Fustagno


Portava sempre il cappello. Non ne era mai senza quando usciva di casa. D’estate portava un Panama bianco, o color della paglia. D’inverno ne indossava uno di feltro, molto elegante. Il papà lo chiamava il Borsalino, ma non sono sicuro che fosse davvero un copricapo di quel livello: il papà detestava l’ostentazione, anche se amava mantenere sempre un suo elegante aplomb. 

In montagna si era posto un nuovo problema, una scelta davvero ardua: era estate, ma i milleduecento metri si facevano sentire, anche se proprio non ricreavano le condizioni dell’inverno. Quale cappello mettere sulla testa?

Il papà trovò una soluzione salomonica, da mezza stagione, come avrebbe detto la Gemma: un cappello di fustagno, color delle nocciole, e con tesa piccola, non come i Borsalino invernali, né come i Panama, che per funzione somigliavano ai sombrero.


Quel cappello lo indossava anche le ultime volte che poté salire a Ronzone. 

Ogni anno, il primo giorno d’agosto noi si officiava una specie di rito pagano. Enzo ed io si accompagnava mogli e ragazzi fino al passo delle Palade. Un luogo magico, tra prati e boschi radi di larici e abeti, dove si incontrava pochissima gente, se non contadini armati di cote e di falci affilate. Si lasciava la macchina in un posto tranquillo e poi si saliva ancora, a piedi, fino al posto da noi preferito. 

Volle venire con noi anche il papà. Era ormai molto anziano, ma si piccava di camminare gagliardo, quasi come quand’era Alpino, sull’Altopiano, nel ’20. Per ogni buon conto portai con me anche una seggiola da regista, comoda e robusta. Fu molto utile nelle frequenti pause della camminata in salita, e poi anche ai margini dei boschi, dove si andò a raccogliere mirtilli, e qualche finferlo, oro nel verde. 

Si fece picnic sull’erba, col vino e con la torta della festa.

Il papà era felice, seduto nella mezz’ombra del bosco rado, col silenzio della montagna che lui adorava, coi figli e coi nipoti che gli sciamavano intorno, con la sigaretta tra le labbra e il giornale arrotolato in tasca; soprattutto, col suo nuovo cappello di fustagno ben calato sulla testa.

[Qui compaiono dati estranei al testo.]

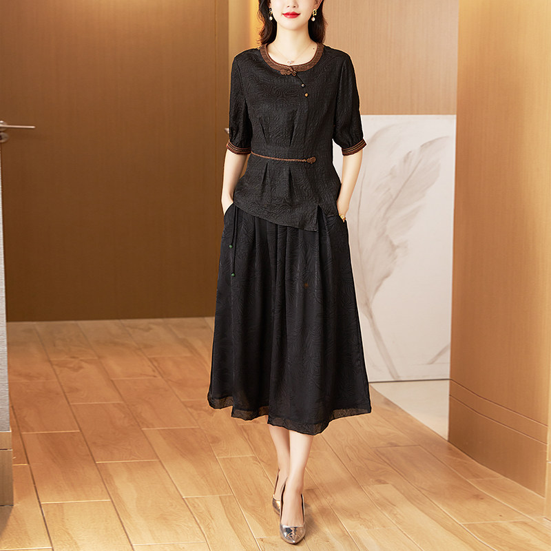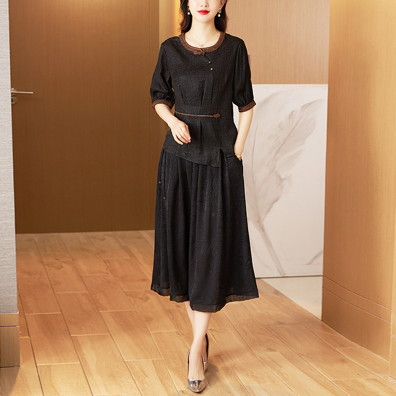 为您提供商品香云纱夏季 中老年刺绣上衣半身裙女洋气妈妈桑蚕丝两件套 真丝套装的详细介绍,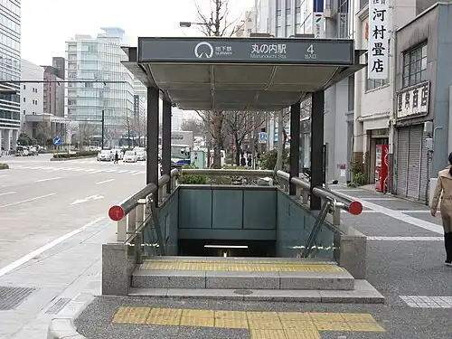 Marunouchi Station (丸の内駅, Marunouchi-eki) is an underground metro station located in Naka-ku, Nagoya, Aichi Prefecture, Japan operated by the Nagoya Municipal Subway.[1] The station is an interchange station between the Tsurumai Line and the Sakura-dōri Line, and is located 6.3 rail kilometers from the terminus of the Tsurumai Line at Kami-Otai Station and 2.4 rail kilometers from the terminus of the Sakuradōri Line at Taiko-dori Station.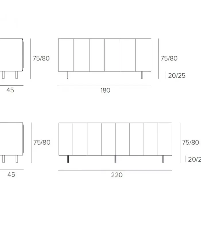 Madia 4 ante con piedino H.20: L. 220 – P. 45 – H. 85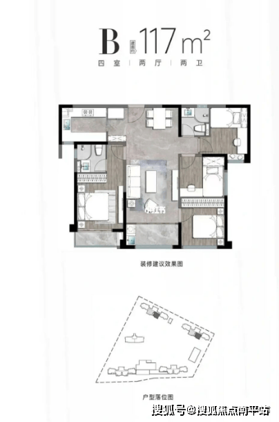 117㎡的四房中间套和137㎡的四房边套,对应湖畔九境的115㎡和135㎡,整体大了2㎡,未来如果湖畔九境卖得差不多了, 这两个户型可以充当补货的角色,否则这两个户型的定价就要比九境低,不然pk不过。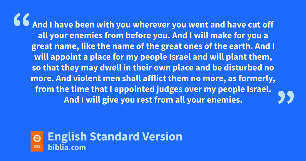 4 But that same night the word of the Lord came to Nathan, 5 “Go and tell my servant David, ‘Thus says the Lord: yWould you build me a house to dwell in? 6 I have not lived in a house zsince the day I brought up the people of Israel from Egypt to this day, but I have been moving about ain a tent for my dwelling. 7 In all places where bI have moved with all the people of Israel, did I speak a word with cany of the judges1 of Israel, whom I commanded dto shepherd my people Israel, saying, “Why have you not built me a house of cedar?” ’ 8 Now, therefore, thus you shall say to my servant David, ‘Thus says the Lord of hosts, eI took you from the pasture, from following the sheep, that you should be prince2 over my people Israel. 9 fAnd I have been with you wherever you went and have cut off all your enemies from before you. And I will make for you a great name, like the name of the great ones of the earth. 10 And I will appoint a place for my people Israel gand will plant them, so that they may dwell in their own place hand be disturbed no more. iAnd violent men shall afflict them no more, as formerly, 11 jfrom the time that I appointed judges over my people Israel. And kI will give you rest from all your enemies. Moreover, the Lord declares to you that lthe Lord will make you a house. 12 mWhen your days are fulfilled and nyou lie down with your fathers, oI will raise up your offspring after you, who shall come from your body, and I will establish his kingdom. 13 pHe shall build a house for my name, and qI will establish the throne of his kingdom forever. 14 rI will be to him a father, and he shall be to me a son. When he commits iniquity, sI will discipline him with the rod of men, with the stripes of the sons of men, 15 sbut my steadfast love will not depart from him, tas I took it from Saul, whom I put away from before you. 16 uAnd your house and your kingdom shall be made sure forever before me.3 uYour throne shall be established forever.’ ” 17 In accordance with all these words, and in accordance with all this vision, Nathan spoke to David.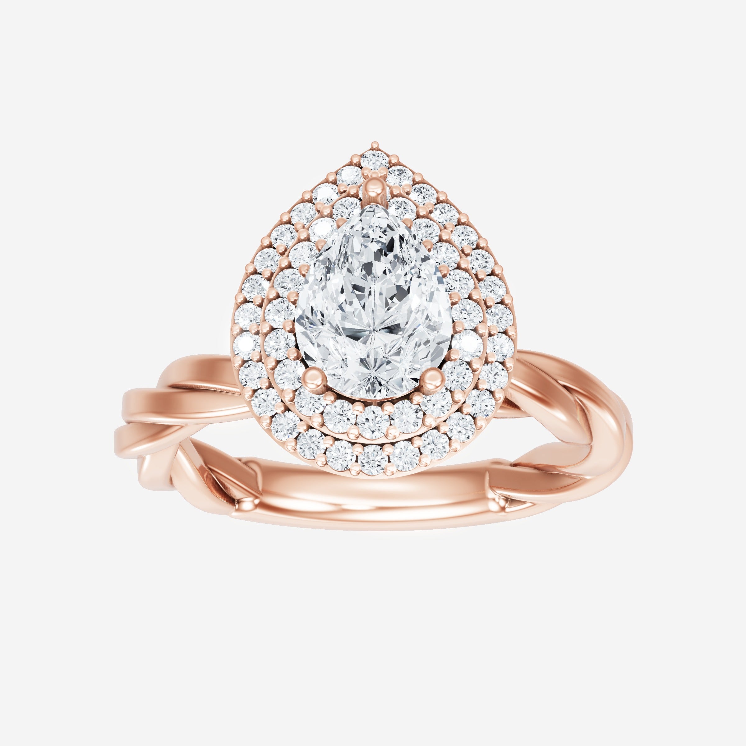 You’ve designed a ring that reflects lasting elegance and grace! Crafted from 18K Rose Gold, this exquisite Pear lab-grown diamond is the centerpiece of this unique design. This Rope Plain Shank with a Double Halo head showcases the brilliance of the Pear diamond, creating a timeless look. This stunning ring makes the perfect symbol of everlasting love and devotion.
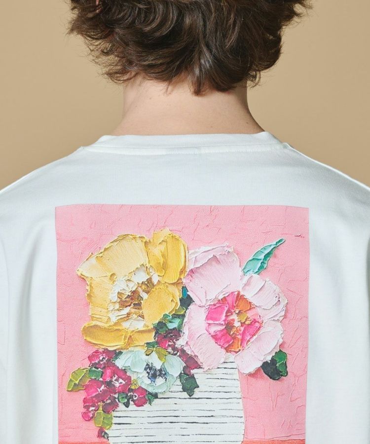 バックにあしらったフラワーモチーフのプリントが華やかなTシャツ。高品質なコットンを引き揃えて丁寧に編み立て、さらにシルケットバイオ加工を施して自然な光沢と上品なハリ感を引き出しました。特殊機によるインクジェットプリントを厚盛で組み合わせ、鮮やかな発色を実現。デイリーに取り入れやすく、着回し力の高い一枚です。
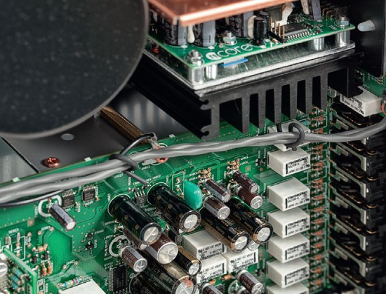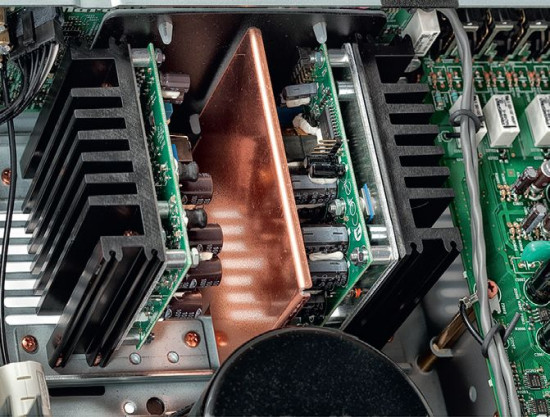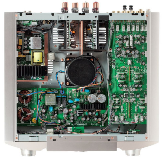 Końcówki mocy to moduły Hypexa z serii Ncore; niewielkie płytki drukowane przykręcono przy tylnej ściance i podłączono bezpośrednio (aby wyeliminować przewody) do zacisków głośnikowych. Marantz zgarnął przy okazji również zaprojektowaną dla nich sekcję zasilającą – impulsową – umieszczoną na kolejnej płytce drukowanej.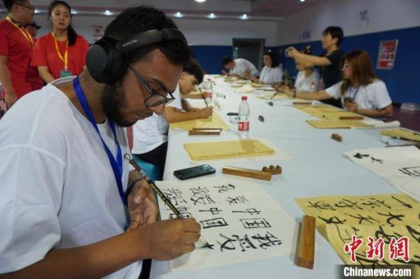 原标题:习书法、写汉字 60余名洋学生体验中国书法艺术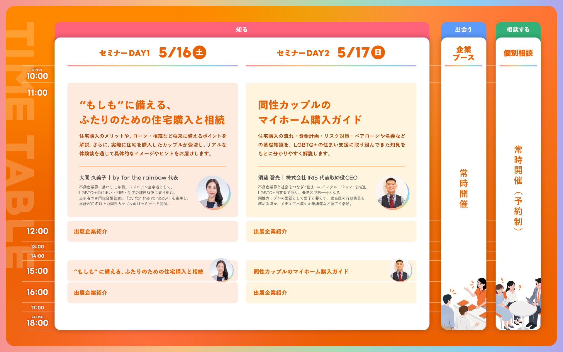「LGBTQのためのマイホーム相談会」のコンテンツ紹介「知る・出会う・相談する」を1日で体験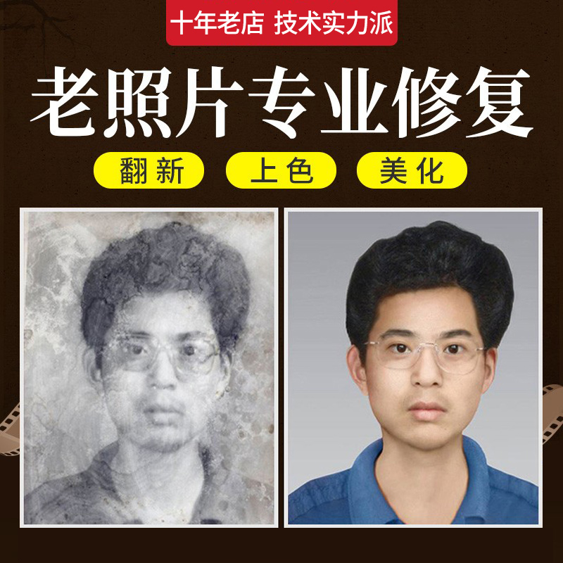 老照片修复翻新处理旧照片修补相片黑白上色去皱损坏图片清晰还原

La foto ormai è molto vecchia; la luce ne ha sbiadito i colori sciupando la nitidezza dell’immagine. Non ho trovato il negativo, ma ho provato con lo scanner e col ritocco, per quanto possibile. 

Beh, il risultato non è eccezionale, ma è pur sempre un salto indietro nel tempo, forse di quaranta, o cinquant’anni, ed è come se il papà fosse ancora qui, accanto a me.